This is how calcifying plankton contributes to climate change.

An international research project, led by the Institute of Environmental Science and Technology of the Autonomous University of Barcelona (ICTA-UAB), and published in Science, reveals that the tiny calcifying plankton, plays a crucial role in regulating the Earth's climate through the carbon cycle.
Researchers have concluded that these organisms are oversimplified, or even absent, in current climate measurement models, but if properly estimated, they could lead to the conclusion that the ocean has a greater capacity to respond to climate change, acting as the Earth's silent thermostat.
The study refers specifically to organisms such as coccolithophores, foraminifera and pteropods, which build tiny shells of calcium carbonate (CaCO₃), an essential component that influences the chemistry of seawater and facilitates the transfer of carbon from the atmosphere to the deep ocean, a process known as the "carbon pump."
Read also: How calcifying plankton contributes to climate change Tiny ocean organisms"The shells of plankton are tiny, but Together they shape the chemistry of our oceans and the climate of our planet. By leaving them out of climate models, we risk overlooking fundamental processes that determine how the Earth system responds to climate change," explained Patrizia Ziveri, ICREA research professor at ICTA-UAB and lead author of the study, in a statement.

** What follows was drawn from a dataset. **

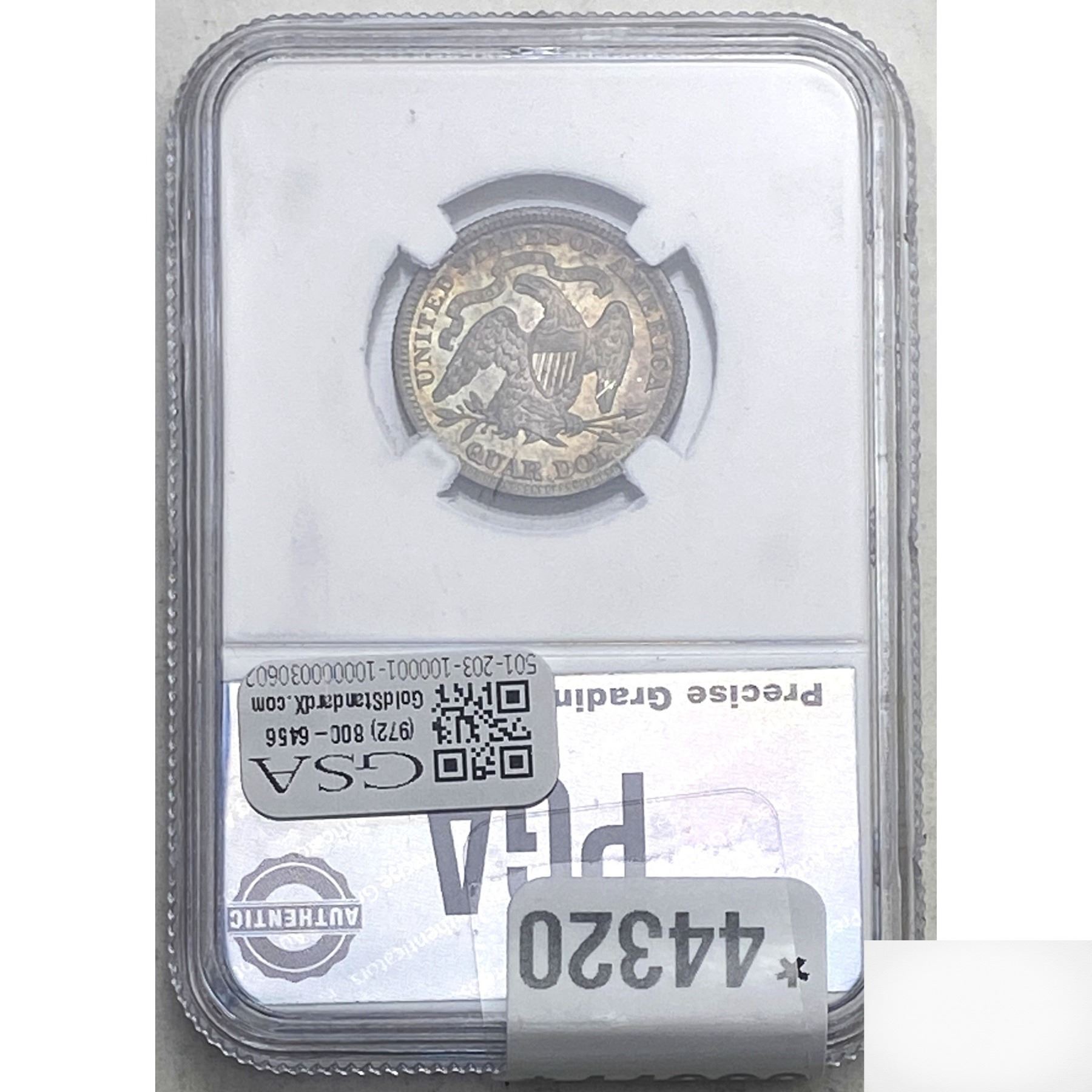 e. Coins sold referencing a third-party grading service are sold “AS IS” without any express or implied warranty, except for a guarantee by GSA that they are genuine. Removal or alteration of the holder, voids all of Bidder’s claims concerning that Product. Certain warranties may be available from the grading services and Bidders are referred to them for further details: Numismatic Guaranty Corporation (NGC), PO Box 4776, Sarasota, FL 34230, www.ngccoin.com/services/writtenguarantee.asp; Professional Coin Grading Services (PCGS), PO Box 9458, Newport Beach, CA 92658, www.pcgs.com/guarantee.html; ANACS, 6555 S. Kenton St., Ste. 303, Englewood, CO 80111; and Independent Coin Grading Co. (ICG), 7901 East Bellview, Ave., Suite 50, Englewood, CO 80111.

The research also points out that a significant portion of this calcium carbonate dissolves in the upper ocean , a process called shallow dissolution, which is largely absent from mainstream climate models, such as the one known to experts as CMIP6.
For all these reasons, researchers make an urgent call for Better quantify the production, dissolution, and export of calcium carbonate by plankton group, and incorporate these dynamics into climate models to obtain more accurate projections of the planet's future.
The study, in which a dozen authors collaborated with Ziveri, is originally titled “Calcifying Plankton: From Biomineralization to Global Change.”